18. The Bigger Picture

This work exemplifies a broader trend in deep learning: efficiency through understanding.

Rather than:

  • Blindly scaling up all dimensions
  • Applying generic compression techniques
  • Accepting architectural conventions without question

We're increasingly:

  • Understanding what each component actually contributes
  • Tailoring optimizations to specific needs
  • Questioning foundational design assumptions
  • Building more efficient systems through insight

The unreasonable ineffectiveness of deeper layers may be uncomfortable for those invested in deeper-is-better paradigm, but it's ultimately valuable for building better, more efficient AI systems.

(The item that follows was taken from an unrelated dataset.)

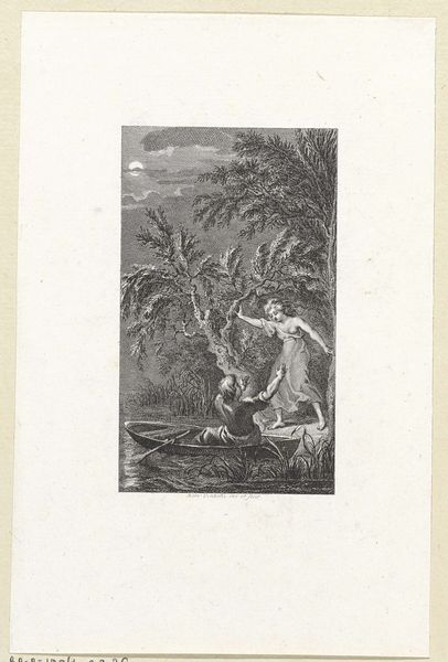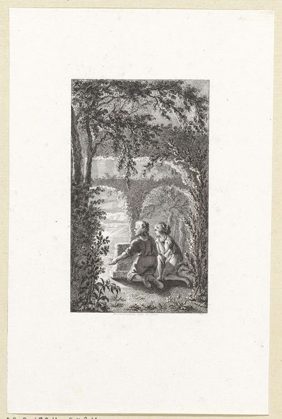 This is Reinier Vinkeles' "Paulus en Virginia in een bos bij onweer", an engraving of modest size now held at the Rijksmuseum. The composition is dominated by the dramatic diagonal of the lightning, which cuts through the dense, almost claustrophobic, forest setting. Vinkeles masterfully uses line and shadow to evoke a sense of foreboding, typical of Romanticism. The figures of Paul and Virginia are small relative to the landscape, emphasizing the power of nature over human endeavors. The zigzag of the lightning, rendered with stark white lines against the dark foliage, creates not just a focal point but also a disruption, destabilizing any sense of idyllic harmony. Consider how the artist’s choice of engraving – with its capacity for fine detail and stark contrasts – enhances the scene's emotional intensity. The forest, with its dense network of lines, seems to press in on the figures, mirroring their vulnerability. Ultimately, this piece is a study in contrasts: light against dark, human vulnerability against nature's might, and the idealized romance set against the harsh realities of the natural world.

  • Knowledge Distillation: Hinton et al., 2015; FitzGerald et al., 2021
  • Layer Pruning: Prior work on weight pruning, now applied systematically to layers
  • Neural Architecture Search: Zoph & Quart, 2017; Elsken et al., 2019
  • Efficient Transformers: FlashAttention, Sparse Attention mechanisms
  • Mechanistic Interpretability: Logit Lens, Tuned Lens, Polysemanticity
  • Quantization: GPTQ, AWQ, BitNet

Final Remarks

This paper succeeds in combining rigorous empirical work with profound implications for our understanding of large language models. It demonstrates that sometimes the most important discoveries come not from adding more parameters or data, but from carefully studying what we already have—and understanding that less, when properly optimized, can indeed be more.